A/B Testing 101: The Power of Experimentation
The $100M Experiment: How A/B Testing Transformed Bing’s Revenue
"One accurate measurement is worth more than a thousand expert opinions."
– Admiral Grace Hopper
In the digital age, where data reigns supreme, the ability to measure the impact of changes accurately is crucial. The famous quote by Admiral Grace Hopper encapsulates the essence of why businesses like Microsoft's Bing have turned to A/B testing to drive innovation and profitability.
The Bing Case Study
In 2012, a small yet transformative idea within Microsoft’s Bing team provided a striking example of the power of data-driven experimentation. A simple suggestion to change ad headlines was overlooked for months, buried under bigger projects. When finally implemented, this idea became Bing’s most significant revenue-generating change, highlighting the profound impact of rigorous online controlled experiments (A/B tests).
The proposed change involved extending ad title lines by combining them with text from the line below, creating a more engaging headline. Initially deemed low priority, it wasn’t until a developer implemented it—due to its coding simplicity—that the idea was tested on real users. A/B testing split users between the existing and modified layouts, tracking interactions, clicks, and revenue metrics.

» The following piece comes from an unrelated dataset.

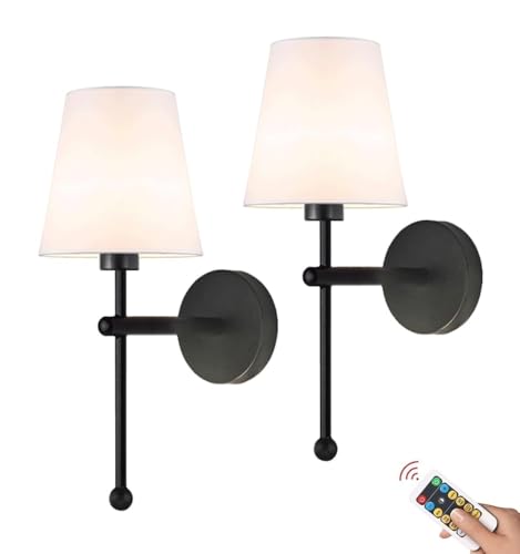 DCOC Vägglampetter batteridriven vägglampa set med 2 dimbara, batteridrivna väggljusarmaturer med fjärrkontroll – inte ansluten lampett – lätt att installera – för sovrum bondgård sängbord läslampa

Within hours of launch, an anomaly emerged: revenue surged unexpectedly. Teams braced for a potential bug, but upon verification, the results proved legitimate. The new ad layout increased Bing’s revenue by 12%, equating to over $100 million annually in the U.S. alone, highlighting several key lessons:
Value Assessment: Even seemingly minor ideas can have significant impacts, yet their value is often underestimated or overlooked.
Impact of Small Changes: A small alteration can lead to massive financial returns if it aligns well with user behavior and expectations.

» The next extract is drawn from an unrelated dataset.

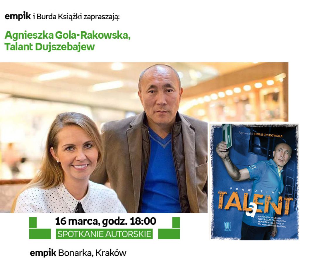 „Prawdziwy talent. Biografia legendy piłki ręcznej i trenera Reprezentacji Polski Talanta Dujszebajewa” (Burda Ksišżki) to najnowsza ksišżka dziennikarki, reżyserki i scenarzystki Agnieszki Goli-Rakowskiej. Podczas spotkania goœciem specjalnym będzie sam bohater – Talant Dujszebajew, człowiek o dwóch twarzach; jednš pokazuje na boisku, drugš odkrywa poza nim.

Rarity of Big Wins: Not every change will yield such dramatic results; this was one of the few blockbuster successes from thousands of experiments conducted annually.

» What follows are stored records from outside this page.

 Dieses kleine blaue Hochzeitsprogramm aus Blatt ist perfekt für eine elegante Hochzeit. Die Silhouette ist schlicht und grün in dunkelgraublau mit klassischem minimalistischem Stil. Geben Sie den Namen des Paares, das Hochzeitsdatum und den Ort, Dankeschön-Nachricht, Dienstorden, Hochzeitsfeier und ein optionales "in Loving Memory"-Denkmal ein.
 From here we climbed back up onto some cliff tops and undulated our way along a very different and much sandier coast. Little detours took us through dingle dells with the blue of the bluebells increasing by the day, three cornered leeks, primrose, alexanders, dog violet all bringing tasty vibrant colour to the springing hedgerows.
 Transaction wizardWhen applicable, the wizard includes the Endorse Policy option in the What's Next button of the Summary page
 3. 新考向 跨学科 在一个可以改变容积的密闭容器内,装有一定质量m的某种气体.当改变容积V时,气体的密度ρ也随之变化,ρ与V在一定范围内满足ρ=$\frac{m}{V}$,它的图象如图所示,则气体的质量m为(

Efficiency in Experimentation: The overhead of running an experiment must be small. Bing’s engineers had access to ExP, Microsoft’s experimentation system, which made it easy to scientifically evaluate the idea.
What is A/B Testing?
A/B testing, also known as split testing, is a method of comparing two versions of a webpage, email, or other marketing asset to determine which one performs better. By splitting your audience into two groups and showing each group a different version (Version A vs. Version B), you can measure which variation drives more conversions, clicks, or other desired outcomes.
Companies like Airbnb, Amazon, Booking.com, eBay, Facebook, Google, LinkedIn, Lyft, Microsoft, and Netflix rely heavily on online controlled experiments (Gupta et al., 2019). These organisations conduct thousands to tens of thousands of experiments annually, often involving millions of users. They test a wide range of elements, such as user interface (UI) changes, relevance algorithms (including search, ads, personalization, and recommendations), latency and performance, content management systems, customer support systems, and more. Experiments span various channels, including websites, desktop applications, mobile apps, and email.
For example, if you’re testing a landing page, you might experiment with two different headlines. Group A sees “Save Big on Your Next Adventure,” while Group B sees “Discover Affordable Travel Deals.” By analysing which headline leads to more sign-ups or sales, you gain valuable insights into what resonates with your audience.
In typical online controlled experiments, users are randomly assigned to different variants in a consistent manner, ensuring they experience the same variant across multiple visits. In the Bing example, the Control group saw the original ad display, while the Treatment group saw ads with longer titles. User interactions with the Bing website were tracked and logged, enabling the calculation of metrics from the logged data. These metrics were then used to evaluate the differences between the variants.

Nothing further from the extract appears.